Aktualisieren

Jens Herrmann, Andreas Paeslack, Wolfram Höhne
 

Erinnerung ist eine wichtige Ressource des Bewusstseins, aus der wir unser aktives Handeln in der Gegenwart entwickeln. Unsere Rückschau in die Vergangenheit ist dabei getrübt durch den Verlust der unmittelbaren Erfahrung. Uns verbleibt allein die Möglichkeit der Rekonstruktion, um zumindest ein Abbild der Vergangenheit in unserer Gegenwart zu erzeugen.

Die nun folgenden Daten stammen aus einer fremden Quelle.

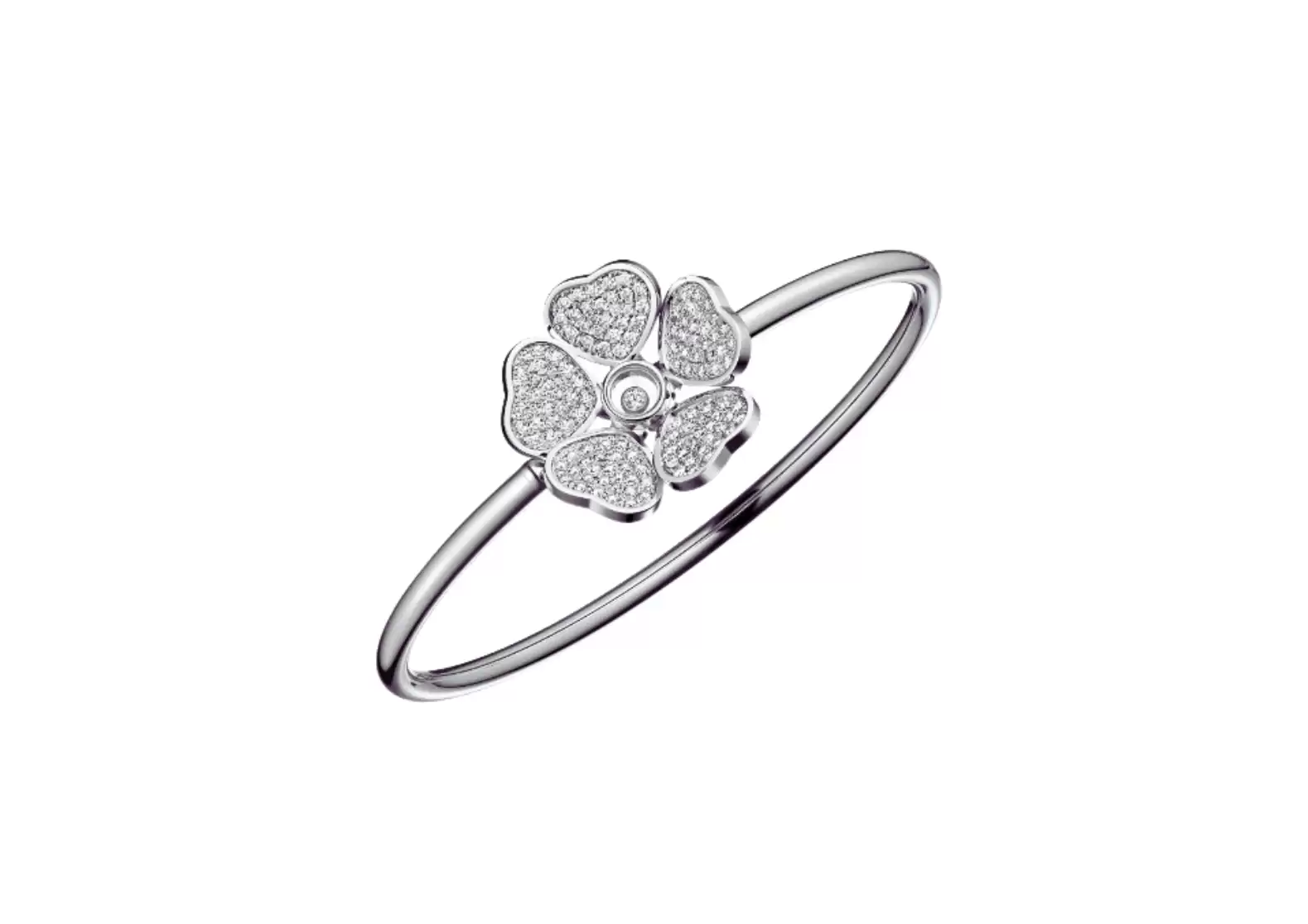 The Happy Hearts Flowers bangle showcases a stunning arrangement of five delicate hearts surrounding a dancing diamond, creating the illusion of delicate and feminine flowers. Crafted with 18-carat white gold, this bangle exudes luxury and sophistication.
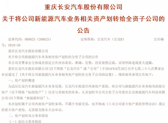 近日,长安汽车发布公告称,为适应长安汽车新能源汽车业务发展,长安汽车拟进行内部资产重组,将公司与新能源汽车业务相关的部分资产以及与其相关的业务、人员划转至公司全资子公司重庆长安新能源汽车科技有限公司。
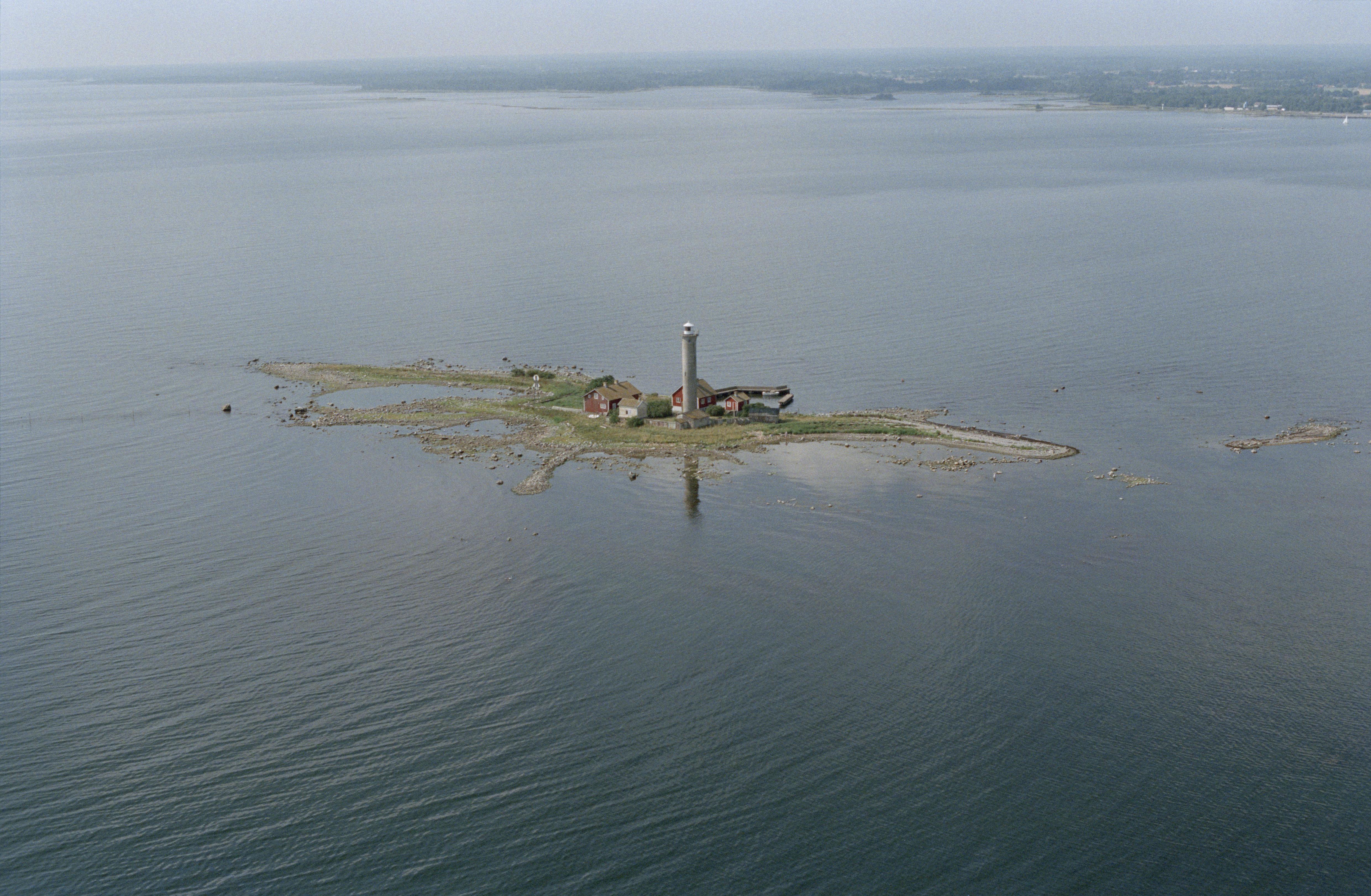 Beskrivning: Garpens fyr på ön Garpen vid Bergkvara. Bilden är tagen mot (väderstreck): SV
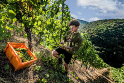 Then, Max acquired an older-vine parcel in the Grand Cru Ohligsberg, the most famous site rising up and around his hometown village of Wintrich. And then we heard about his own small line of wines, sourced from less than two hectares, total, in both the Ohligsberg and the Goldtröpfchen vineyards. In the following years he added micro-parcels in Wintrich’s Geierslay vineyard (yes, this is the name of a vineyard and of his family estate, presumably named after the vineyard) and the less-well-known yet hugely impressive site Treppchen vorm Berg. He has since begun working with a little Pinot Noir, planted by his father decades ago in the Ohligsberg vineyard.
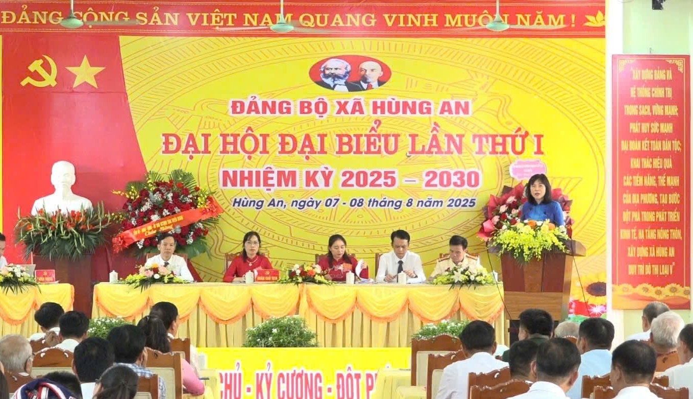 TGDV - Ngày 8-8-2025, Đảng bộ xã Hùng An tổ chức Đại hội đại biểu lần thứ I, nhiệm kỳ 2025-2030. Dự và chỉ đạo Đại hội có đồng chí Phạm Thị Minh Xuân, Phó Chủ tịch Hội đồng nhân dân tỉnh; đồng chí Nguyễn Lam Sơn, Phó Trưởng ban Thường trực Ban Tuyên giáo và Dân vận Tỉnh ủy; Đồng chí Nguyễn Chí Thâm, Phó Chủ nhiệm UBKT Tỉnh ủy.
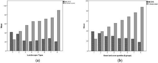 A comparison of the distribution of index of multiple deprivation scores (IMD) and Shannon’s diversity index (SHDI) according to both the eight landscape types and eight quantile groups for green and blue cover is presented in Figure 12a–d.
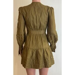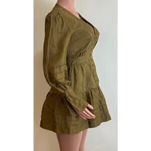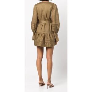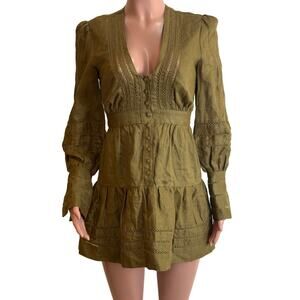 Shona Joy Benedetta Plunged Mini Dress Womens 2 Bayleaf Brown Linen Fit & Flare
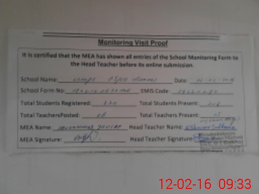 | Certified that this School was Inspected by the Undersigned MEA/DMO Today and the Information Stated Above is as Per Record. | |||||
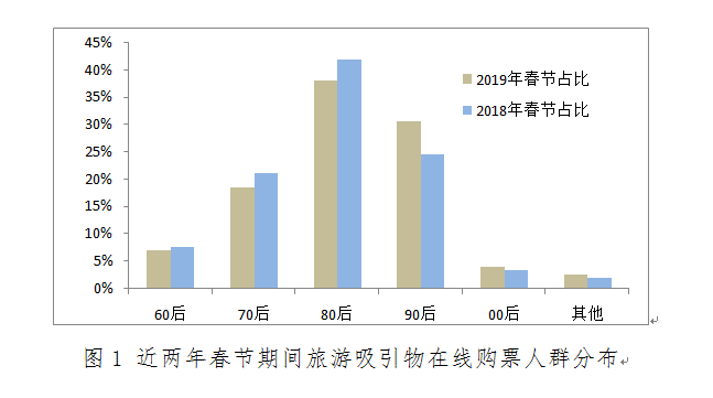 旅游过年追求生活品质。凯发k8官网与银联商务联合实验室数据显示,2019年春节期间高品质住宿设施消费人次增长超过45.3%,较上年同期提高7.7个百分点。其中35-44岁之间的男性支付占比最高,达到28.1%。此外,2019年春节期间游客餐饮日均消费笔数较节前提高43.7%,其中80后餐饮消费总金额最高。凯发k8官网与深大智能联合课题组研究发现,顺利获得在线平台购买旅游吸引物门票的游客中,80后同样居于领先位置,与90后的差距明显缩小。

In den Monumenten manifestiert sich der kollektive Versuch, eine für unsere Gegenwart relevante Vergangenheit zu verbildlichen. Fragmentarisch versuchen diese, historische Ideen und Ereignisse in aufwendigen Formen zu materialisieren. Die Resultate sind in der Regel Erinnerungsamputate einer vergangenen Unmittelbarkeit, die allenfalls den Formen eines ritualisierten Gedenkens genügen. Monumente vermitteln die Vergangenheit. Sie erweitern unser Wissen, schaffen jedoch kein Bewusstsein für die Brauchbarkeit historischer Ideen.
Wir verinnerlichen Geschichte erst, sobald wir historische Ideen in unserer Gegenwart wieder erkennen. Damit ist nicht die Kenntnisnahme vermittelter Vergangenheit gemeint, sondern ein Vergleich zwischen dem ideellen Erbe der Vergangenheit und der aktuellen Situation. Sobald eine zeitüberschreitende Parallelität des Geschehens erkannt wird, besitzt die Vergangenheit Aktualität. Wenn wir nach dieser Erkenntnis in unserer Gegenwart handeln, aktualisieren wir die Vergangenheit. Aktualisierungen sind tatsächliche Denkmäler.
Im Sommer 2000 erarbeiteten wir mit der Gemeinde Moritzburg das Kunstprojekt “Barockhaus". Erklärtes Ziel war es, die Öffentlichkeit in die Produktion öffentlicher Kunst einzubinden. Unsere Produktion sollte einen Adressaten haben und Berührungspunkte schaffen, anstatt nur abstrakte Widmung zu sein. Die Beteiligung der Moritzburger an Entscheidungsvorgängen sowie an der praktischen Ausführung unserer Arbeiten erschien allen Beteiligten ungewöhnlich und war das gewünschte Produktionsexperiment. In der Praxis zeigte sich, dass es möglich ist, die Moritzburger Bevölkerung für unser Vorhaben zu engagieren. Widerstände gegen unsere Arbeitsform wurden uns jedoch seitens des künstlerisch vorgebildeten Fachpersonals der beteiligten Institutionen entgegengebracht. Ihr Kunstbegriff, der ein Garant für ihre Qualitätsvorstellungen ist, und die von uns gewünschte Praxis standen sich gegenüber. Kompromisse waren theoretisch denkbar, aber praktisch hoch problematisch. Heftiger Kritik ausgesetzt waren politisch motivierte Arbeiten und solche, in denen die Autorenschaft der beteiligten Bevölkerung in hohem Maße sichtbar wurde. Es kam zu Reglementierungen und zu Verboten im Namen der Kunst. Wir empfanden dies als eine Form der Versteinerung von Humanität.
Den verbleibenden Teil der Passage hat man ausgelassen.